Woman with Tongue Out Nice, France, 1953
In those years, New York street scenes were held to be the ideal reflection of the social and economic climate of post war America. The photographic act became a commitment to the human community. But the artistic aspect was far from being neglected, as is apparent in Zimbel’s compositions — different camera angles and playing with the focus and ambient lighting. He was trained at the Photo League, a New York collective of amature and professional active from 1936 to 1951 who advocated documentary images focusing on social commentary and creativity. The scenes Zimbel captures reveal his sensitive treatment of his subjects, at times with a touch of humour. In 1955 he captured the nightlife of the clubs along New Orleans’ famous Bourbon Street in the same spirit.

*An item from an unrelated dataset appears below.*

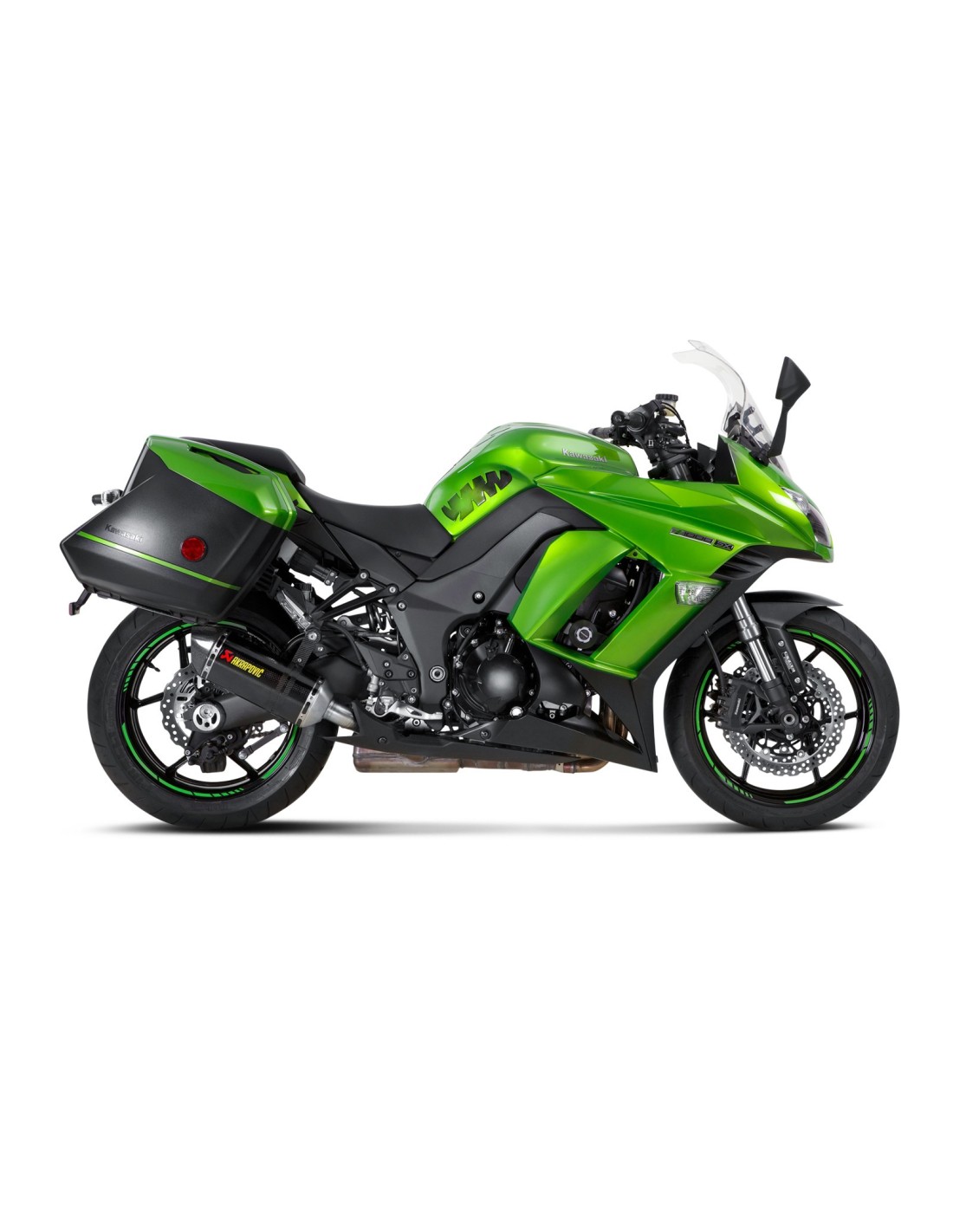El sistema Slip-On es compatible con las maletas laterales Kawasaki.

Most of George Zimbel’s work is in black and white. He always works with the same type of film, loaded in the same two old Leicas. He develops his pictures in a small darkroom, and prints them with a couple of vintage enlargers.

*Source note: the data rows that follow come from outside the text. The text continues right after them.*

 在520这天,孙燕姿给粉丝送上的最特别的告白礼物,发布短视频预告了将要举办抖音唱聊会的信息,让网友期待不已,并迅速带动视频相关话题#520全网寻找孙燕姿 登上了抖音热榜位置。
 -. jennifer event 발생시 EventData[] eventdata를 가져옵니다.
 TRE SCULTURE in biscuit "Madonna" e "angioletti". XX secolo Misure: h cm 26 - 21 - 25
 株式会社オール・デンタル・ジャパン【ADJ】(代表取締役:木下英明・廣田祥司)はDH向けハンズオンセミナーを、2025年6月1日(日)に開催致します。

George Zimbel continues to produce new work and print previously unseen images from his archive. His activity reflects his feeling that creative people speed up as they get older because they have a backlog of ideas and projects along with the realization that time is finite.
In 1960, Zimbel captured a black-and-white photo of John and Jackie Kennedy riding through New York in an open convertible and he was right in front of the car when he took the picture. But he is concerned about the paradox of our times, when cameras are everywhere, but so are gatekeepers to stop the photographers from using one. That’s not what Zimbel signed up for when he began doing street photography in New York in the 1940s, some of which has shown up in the exhibition.

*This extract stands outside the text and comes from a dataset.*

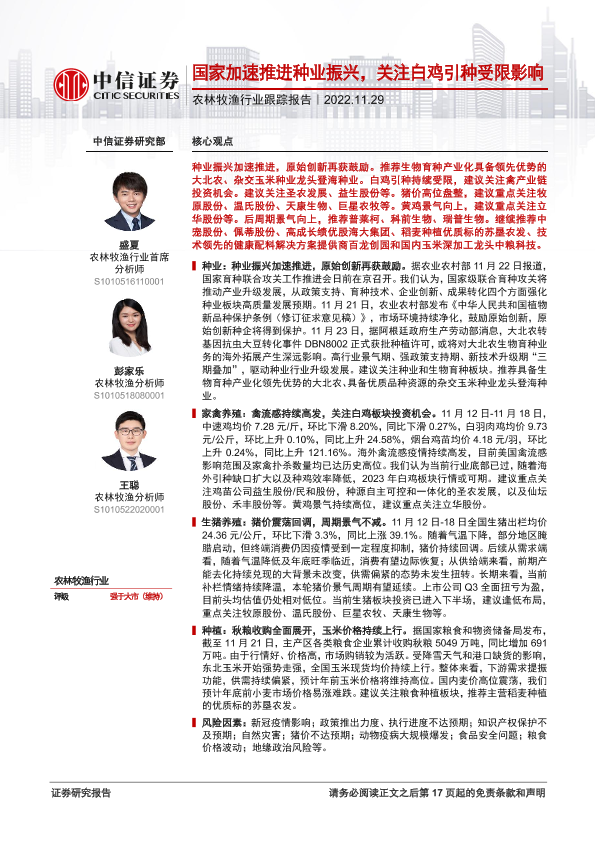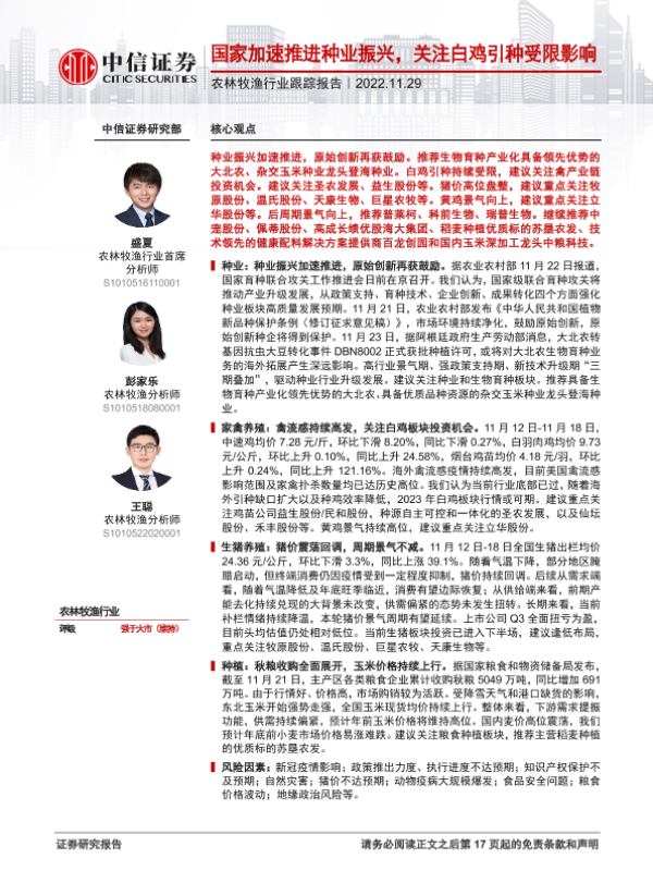 【中信证券】【20221129】农林牧渔行业跟踪报告:国家加速推进种业振兴,关注白鸡引种受限影响-18页

Born in Woburn, Massachusetts, in 1929, Zimbel left the United States in the early 1970s protesting Vietnam war and settled in Price Edward Island in Canada. He has been living and working in Montreal since the early 1980s. Though his Montreal works were not exhibited, but he has huge collection of street photos of Montreal from three decades. There is snow in a lot of them, and probably not just because Montreal has long winters. Snow can have magical effects in black-and-white, and people walking in the stuff leave photogenic patterns.
Zimbel also appears in a forthcoming film called ‘Zimbelism’, and has a new book out, called Momento – ‘a word I made up’, meant to suggest two other words without committing to either one. The images are arranged in linked pairs. An intense portrait of Montreal dancer Margie Gillis in action, for instance, faces an older shot of a little girl twirling out her skirt in a private reverie. A lot of Zimbel’s pairings are sweet like that, drawing common links between people from different times, places and situations.
Zimbel’s works have been shown in several galleries and museums, as part of solo exhibitions, including retrospectives. His photographs are found in many museum collections, notably the Museum of Modern Arts in New York, the Museum of Fine Arts in Houston, the Valencia Institute of Modern Art, the Tokyo Metropolitan Museum of Photography, the National Gallery of Canada and the Montreal Museum of Fine Arts.
In an era of increased manipulation of the photographic image by computer technology, Zimbel’s commitment to the ‘straight’ photograph has become stronger. He sees the early 21st century as a period in which classic photography will have it’s last flowering.
‘George S. Zimbel: A Humanist Photographer’ – the title was vividly reflected in all the exhibited photographs. The opportunity to see the magical black-and-white works of the pioneer of street photography, humanist, classical photographer Zimbel was a unique experience for me, which I will nourish for long.